▸ THE PROBLEM: In the records that follow, find the line containing "Ciné débat autour" and the line containing "Kép Madár ül", then transcribe both and every line between them exactly, omitting pictures.

-- PROVIDED DATA follows --

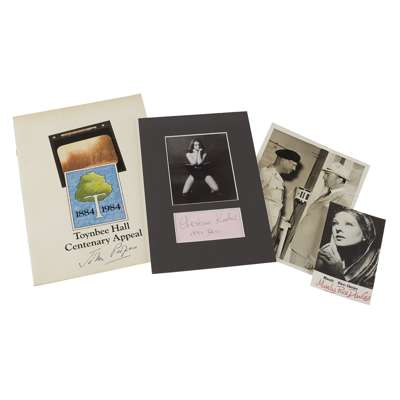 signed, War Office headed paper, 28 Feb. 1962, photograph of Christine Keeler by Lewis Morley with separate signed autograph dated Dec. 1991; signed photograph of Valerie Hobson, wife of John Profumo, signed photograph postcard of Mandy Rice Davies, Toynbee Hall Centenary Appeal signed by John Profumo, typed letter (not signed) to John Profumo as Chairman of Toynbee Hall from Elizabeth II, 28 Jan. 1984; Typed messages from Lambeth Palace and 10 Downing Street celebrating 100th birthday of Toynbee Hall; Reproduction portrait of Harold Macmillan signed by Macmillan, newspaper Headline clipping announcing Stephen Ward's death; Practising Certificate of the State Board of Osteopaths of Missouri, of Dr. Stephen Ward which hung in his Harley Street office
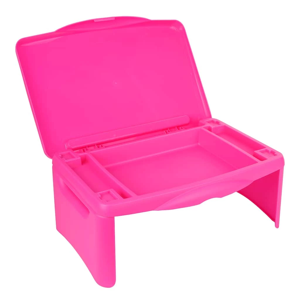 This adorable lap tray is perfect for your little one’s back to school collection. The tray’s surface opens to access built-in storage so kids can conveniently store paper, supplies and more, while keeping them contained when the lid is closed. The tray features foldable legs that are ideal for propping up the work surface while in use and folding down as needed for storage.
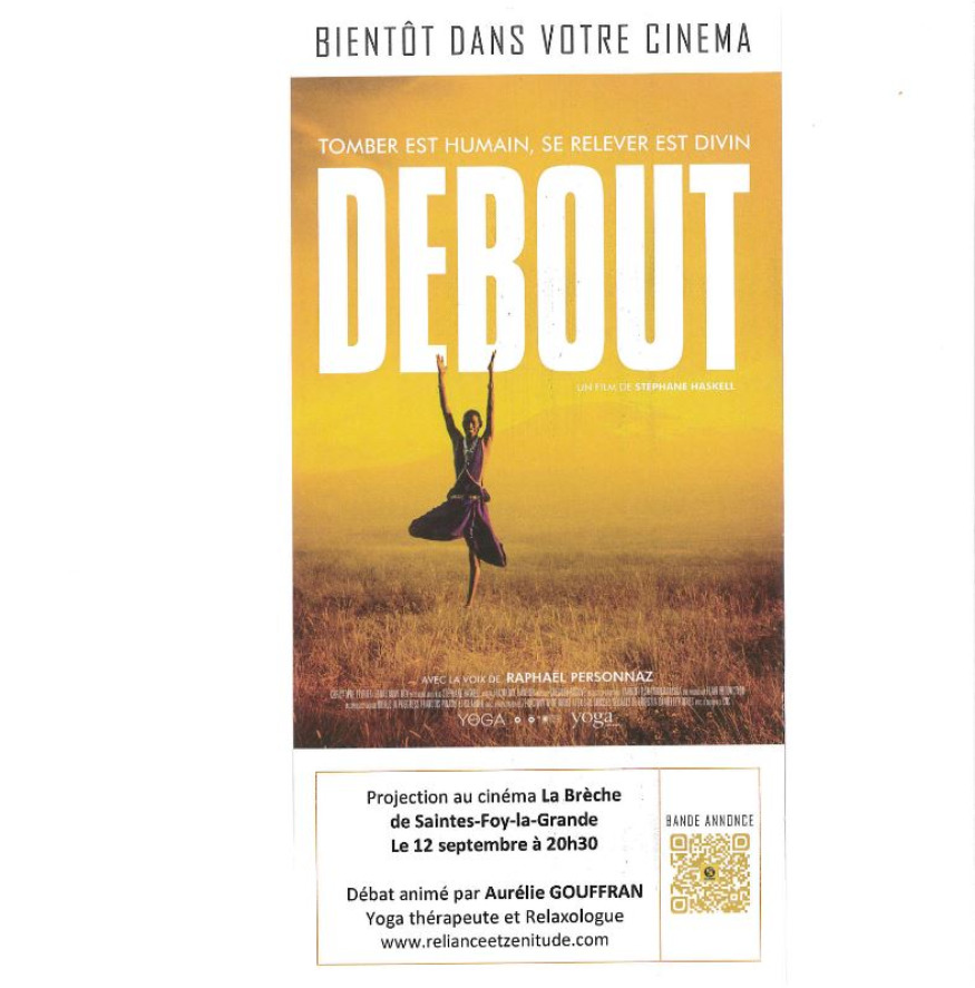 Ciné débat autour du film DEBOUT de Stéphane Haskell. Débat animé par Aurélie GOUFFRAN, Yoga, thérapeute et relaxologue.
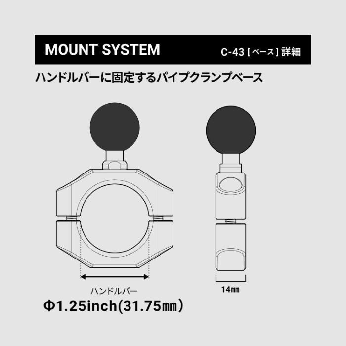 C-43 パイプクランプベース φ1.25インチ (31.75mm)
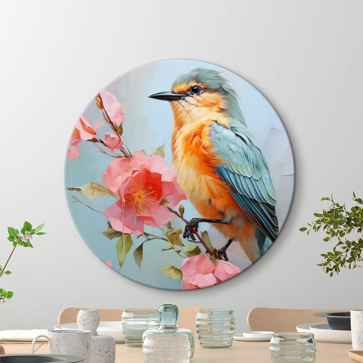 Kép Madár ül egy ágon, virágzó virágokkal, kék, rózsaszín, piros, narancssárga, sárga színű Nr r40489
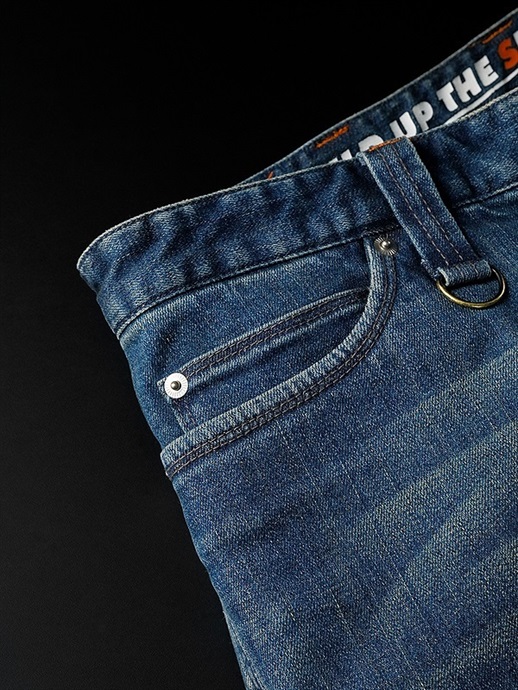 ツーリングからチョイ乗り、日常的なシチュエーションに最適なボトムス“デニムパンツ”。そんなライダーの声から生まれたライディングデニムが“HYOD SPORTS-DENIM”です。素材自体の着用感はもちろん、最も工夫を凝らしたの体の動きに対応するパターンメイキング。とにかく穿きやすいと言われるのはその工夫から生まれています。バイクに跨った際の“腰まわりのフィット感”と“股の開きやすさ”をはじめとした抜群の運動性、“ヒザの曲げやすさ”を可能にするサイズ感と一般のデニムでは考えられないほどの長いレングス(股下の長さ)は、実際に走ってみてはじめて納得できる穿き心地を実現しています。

-- PROVIDED DATA concluded --
-- PROVIDED DATA follows --

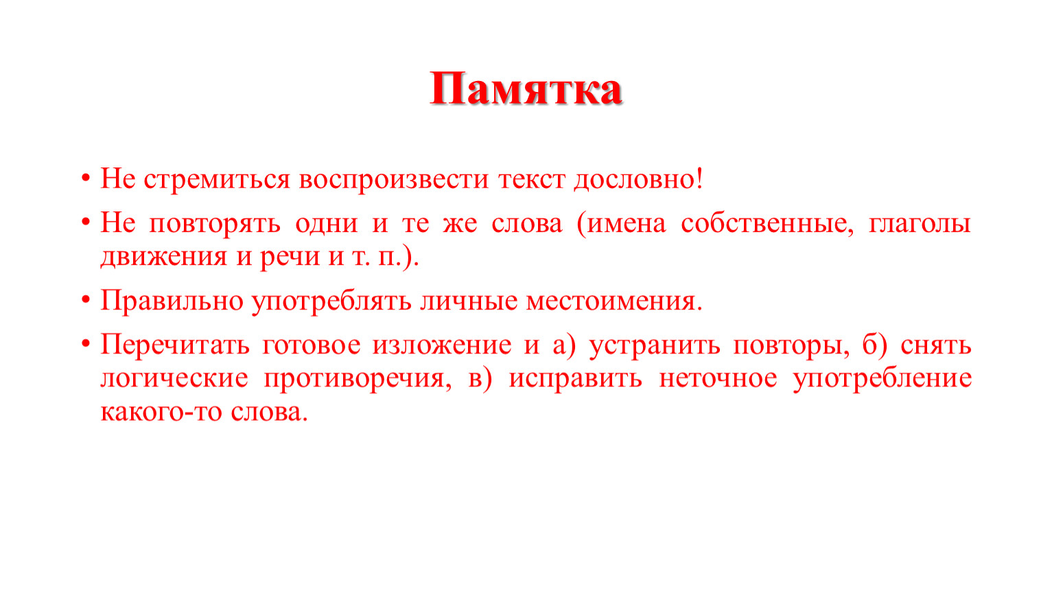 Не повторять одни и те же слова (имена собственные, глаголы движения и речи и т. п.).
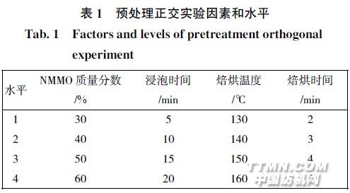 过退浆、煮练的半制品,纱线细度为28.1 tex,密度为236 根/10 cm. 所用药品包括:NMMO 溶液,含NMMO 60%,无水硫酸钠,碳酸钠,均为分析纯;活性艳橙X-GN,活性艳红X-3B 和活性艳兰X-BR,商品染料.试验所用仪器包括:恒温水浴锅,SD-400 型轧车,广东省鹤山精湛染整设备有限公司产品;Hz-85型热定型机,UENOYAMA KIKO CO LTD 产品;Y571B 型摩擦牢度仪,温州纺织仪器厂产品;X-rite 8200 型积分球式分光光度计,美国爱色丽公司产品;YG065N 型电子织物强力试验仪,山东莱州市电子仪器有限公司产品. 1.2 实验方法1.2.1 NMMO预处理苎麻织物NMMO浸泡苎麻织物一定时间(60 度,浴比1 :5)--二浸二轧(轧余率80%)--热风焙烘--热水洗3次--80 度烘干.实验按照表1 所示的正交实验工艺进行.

-- PROVIDED DATA concluded --

▸ REPLY:
 Ciné débat autour du film DEBOUT de Stéphane Haskell. Débat animé par Aurélie GOUFFRAN, Yoga, thérapeute et relaxologue.
 C-43 パイプクランプベース φ1.25インチ (31.75mm)
 Kép Madár ül egy ágon, virágzó virágokkal, kék, rózsaszín, piros, narancssárga, sárga színű Nr r40489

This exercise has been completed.